P4-05: Learning Unsupervised Hierarchies of Audio Concepts
Afchar, Darius*, Hennequin, Romain, Guigue, Vincent
Subjects (starting with primary): MIR fundamentals and methodology -> music signal processing ; Domain knowledge -> representations of music ; Musical features and properties -> musical style and genre ; MIR tasks -> automatic classification ; Domain knowledge -> machine learning/artificial intelligence for music ; Musical features and properties -> musical affect, emotion and mood
Presented In-person, in Bengaluru: 4-minute short-format presentation
Music signals are difficult to interpret from their low-level features, perhaps even more than images: e.g. highlighting part of a spectrogram or an image is often insufficient to convey high-level ideas that are genuinely relevant to humans.
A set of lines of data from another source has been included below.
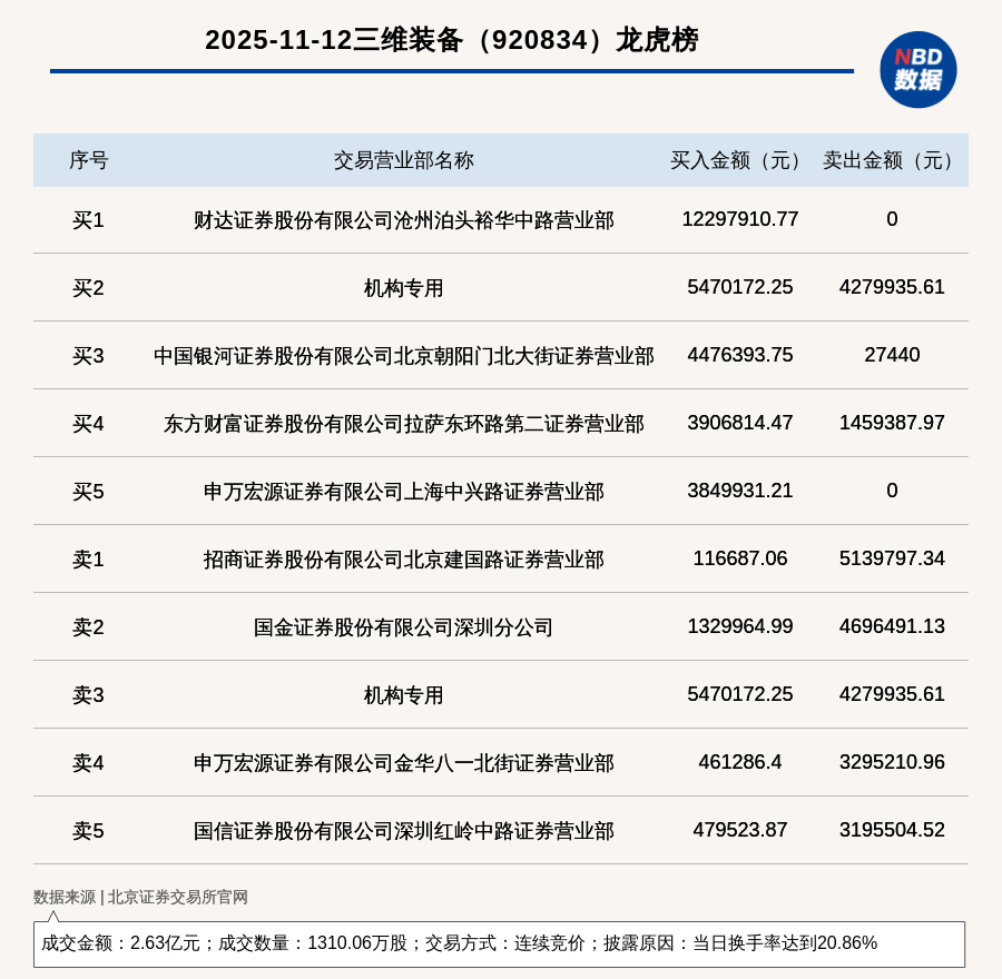 据每日经济新闻消息,2025年11月12日,北交所上市公司三维装备(920834,收盘价:19.35元)登上龙虎榜,交易方式是连续竞价,披露原因是当日换手率达到20.86%,成交数量1310.06万股,成交金额2.63亿元。买一席位为财达证券股份有限公司沧州泊头裕华中路营业部,买入1229.79万元;卖一席位为招商证券股份有限公司北京建国路证券营业部,卖出513.98万元。
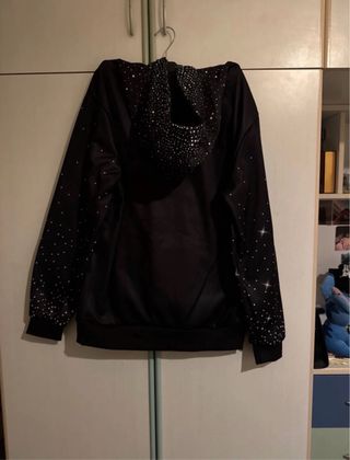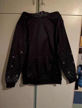 Felpa con un design unico e scintillante. Perfetta per aggiungere un tocco di originalità al tuo guardaroba. - Dettagli con stelle e brillantini disegnati sul cappuccio e sulle maniche. - Tasca frontale a marsupio.
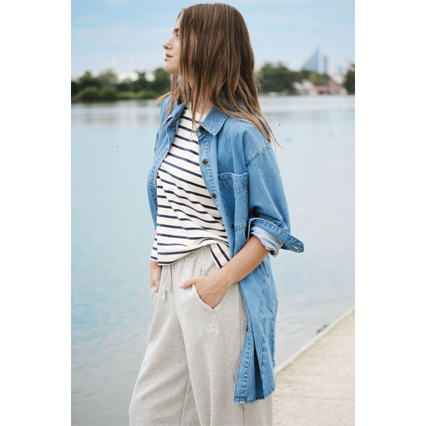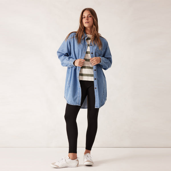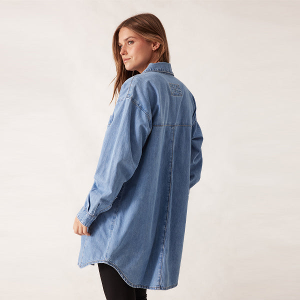 Introducing the Maeve Longline Panelled Denim Shirt - crafted from soft, 8.6oz lightweight denim, this shirt exudes effortless cool. With a little extra length and a little extra slouch, this style is sure to add an edge to your high rotation pieces. These details paired back with a classic shirt collar and sleeve, provide the perfect shirt for everyday wear.
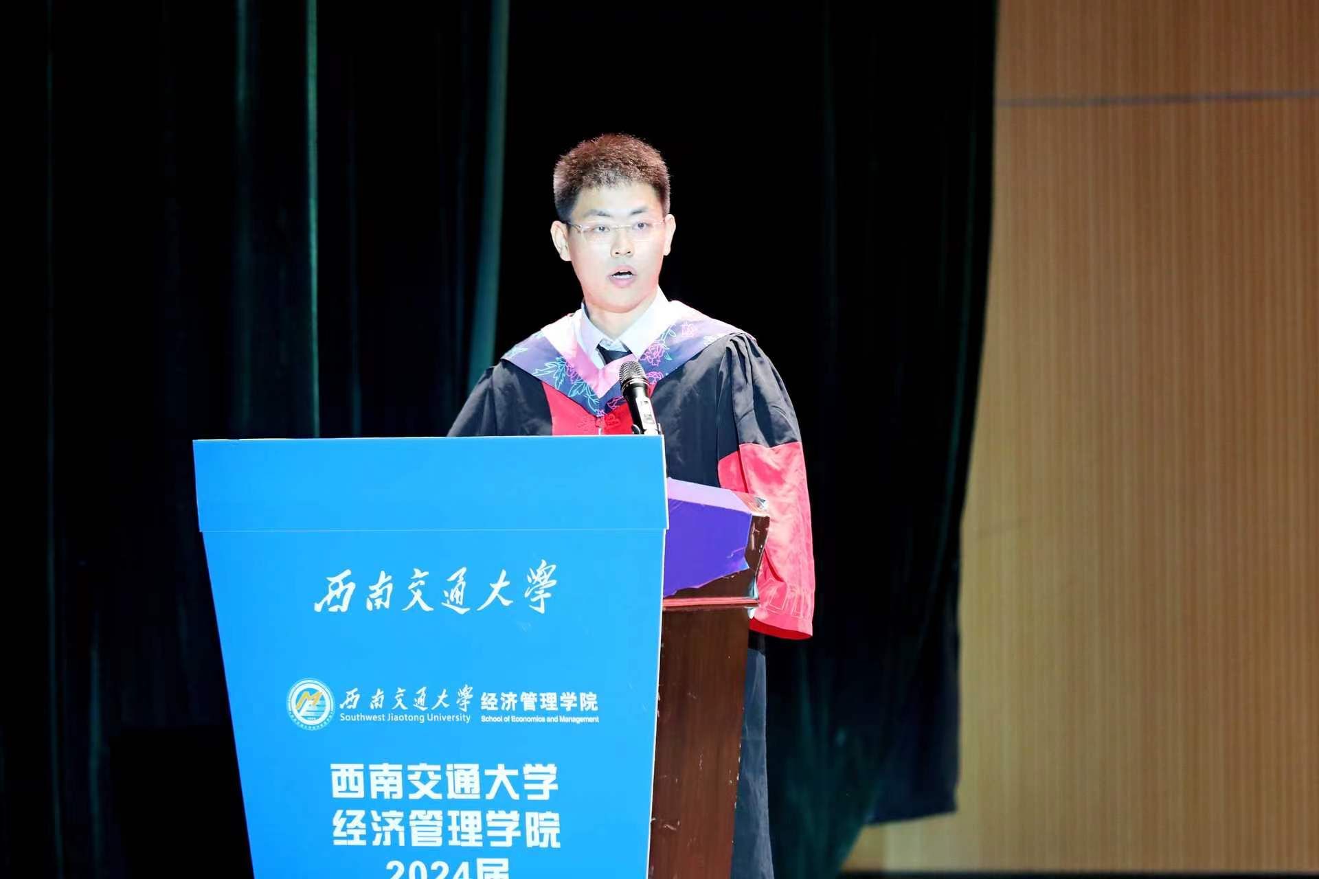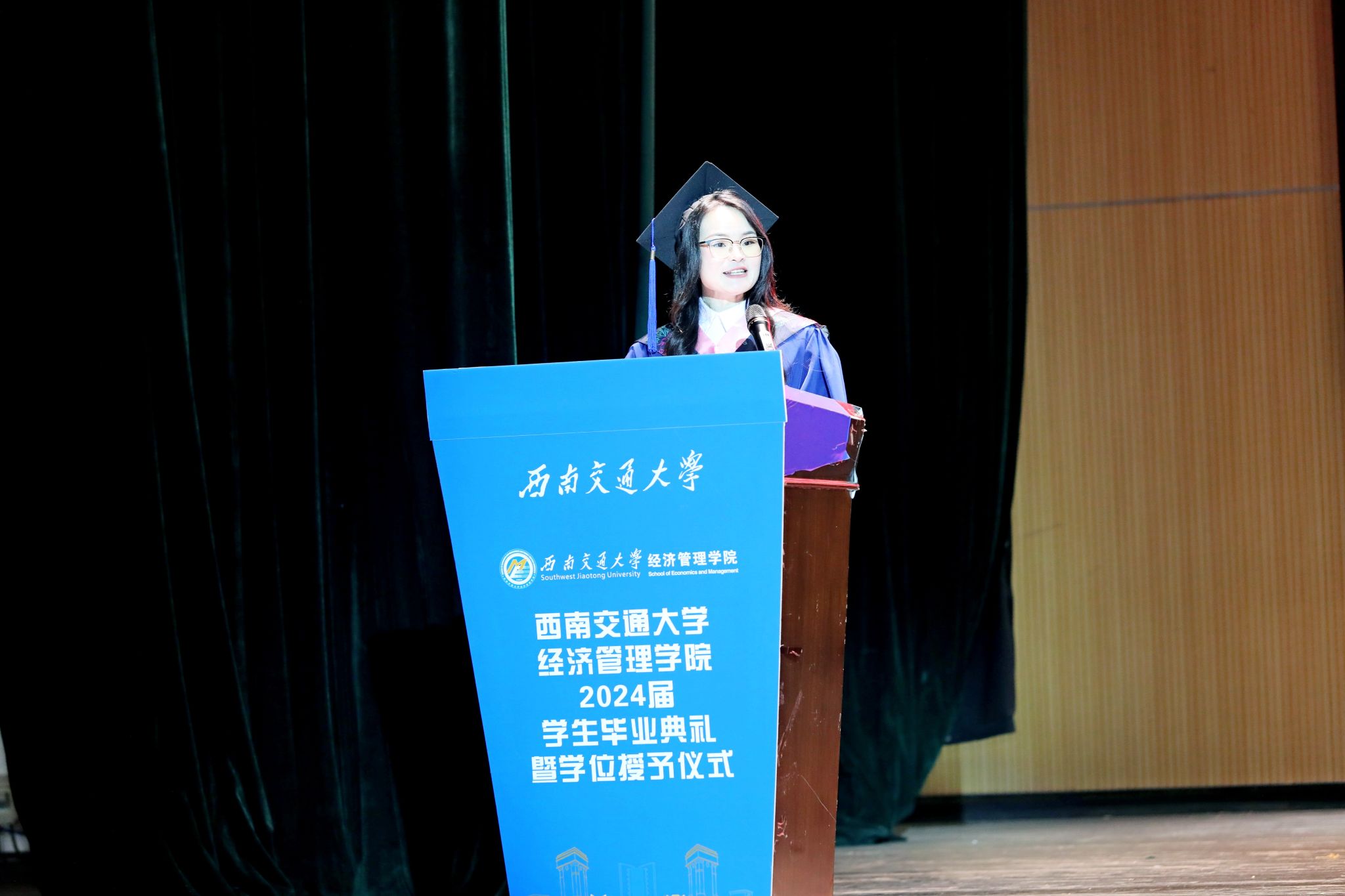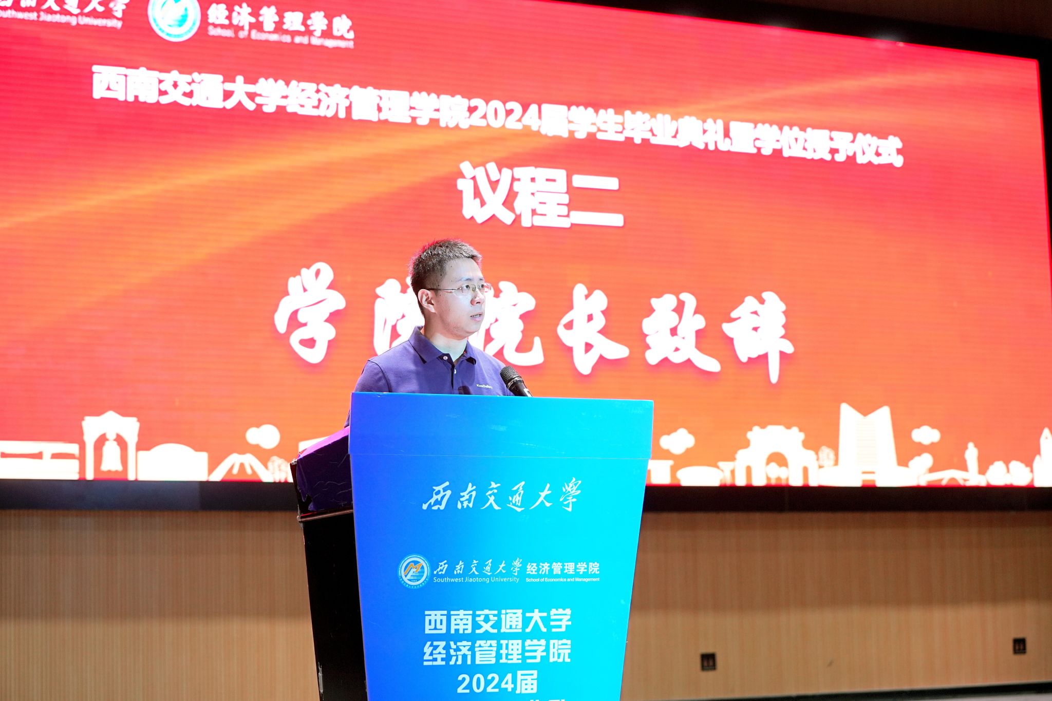 首先,学院院长韩科为典礼致辞。他代表开云kaiyun官网全体师生,向全院2024届毕业生表示热烈祝贺,并对他们在学院学习期间所取得的成绩给予高度认可。临别之际,他强调,希望同学们时刻谨记校训、院训,发扬交大精神,展现交大学子的担当。同时,韩院长为毕业生们提出了三点建议:一是提升境界的高度,二是拓展胸怀的广度,三是加深信念的深度,希望毕业生们带着学院的关心关怀,无惧风雨,奋勇前进,学院永远是经管学子们温馨的家。字字句句间,都寄托着对全体毕业生的深情嘱托与美好祝愿。

In computer vision, concept learning was therein proposed to adjust explanations to the right abstraction level (e.g. detect clinical concepts from radiographs). These methods have yet to be used for MIR.
In this paper, we adapt concept learning to the realm of music, with its particularities. For instance, music concepts are typically non-independent and of mixed nature (e.g. genre, instruments, mood), unlike previous work that assumed disentangled concepts.
We propose a method to learn numerous music concepts from audio and then automatically hierarchise them to expose their mutual relationships. We conduct experiments on datasets of playlists from a music streaming service, serving as a few annotated examples for diverse concepts. Evaluations show that the mined hierarchies are aligned with both ground-truth hierarchies of concepts -- when available -- and with proxy sources of concept similarity in the general case.